Water-induced buoyancy controls transient water storage in the mantle transition zone
Taras V. Gerya, Nickolas M. Bardi, Shun-ichiro Karato, Motohiko Murakami

TL;DR
This study uses numerical models to show that water in the mantle transition zone can induce buoyancy-driven upwellings and melting, acting as a transient water reservoir influencing Earth's surface ocean stability.
Contribution
It introduces a new empirical model and numerical simulations demonstrating water-induced buoyancy effects and melting processes in the mantle transition zone.
Findings
Water-induced buoyancy triggers mantle upwellings.
Water release during phase transitions can cause melting.

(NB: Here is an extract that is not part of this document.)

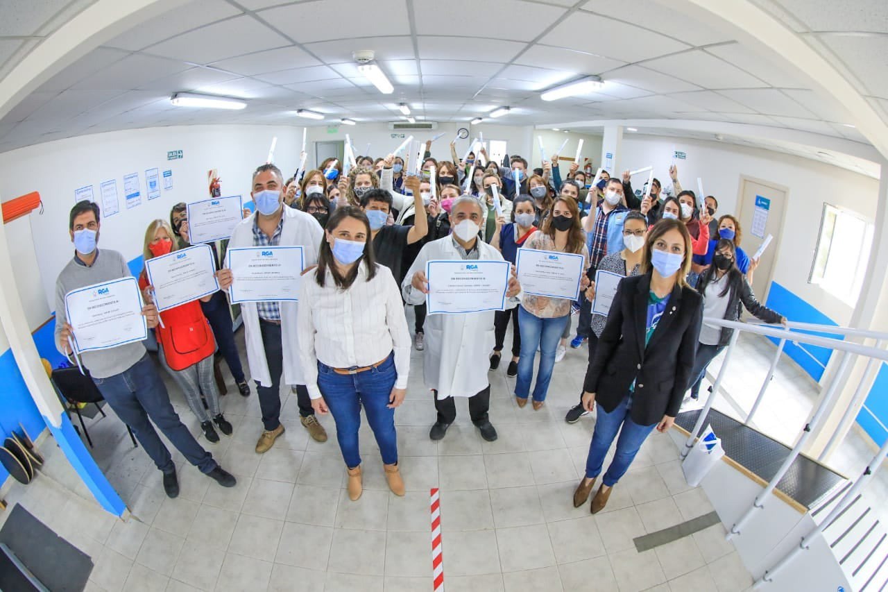 Al respecto, la secretaria de Salud del Municipio, Eugenia Cóccaro, comentó que “se hizo un reconocimiento a todo el personal de Salud municipal, a enfermeros, médicos, distintos profesionales de la salud, y al personal de maestranza, que prestó una importante colaboración en el marco de la pandemia”, y destacó que “es un orgullo para nosotros haber contado con estos profesionales, y haber aportado desde el Municipio todo lo posible en asistencia ante la situación de pandemia, desde los llamados telefónicos para notificación de los casos positivos de Covid, hasta la asistencia de todo aquel paciente no Covid que necesitaba controles o asistencia médica en los distintos Centros de Salud Municipales”.

The MTZ acts as a transient water reservoir for 80-430 million years.
Abstract
The spinel phase (wadsleyite, ringwoodite) in the mantle transition zone (MTZ), can contain up to 1-2 weight percent of water. However, whether these water reservoirs in the MTZ are filled is debated. Here, we investigate water dynamics in the MTZ numerically by using a newly developed empirical model of deep hydrous mantle melting combined with 2D thermo-hydro-mechanical-chemical (THMC) upper mantle models. Numerical modeling results suggest that water-induced buoyancy triggers the development of hydrous solid-state mantle upwellings in the MTZ. On time scales of some tens of millions of years, they rise to and interact with the spinel-olivine phase transition. Depending on the water content and temperature of these thermal-chemical plumes, this crossing may trigger hydrous melting by water release from the wadsleyite upon its conversion to olivine. The melts are less dense than the…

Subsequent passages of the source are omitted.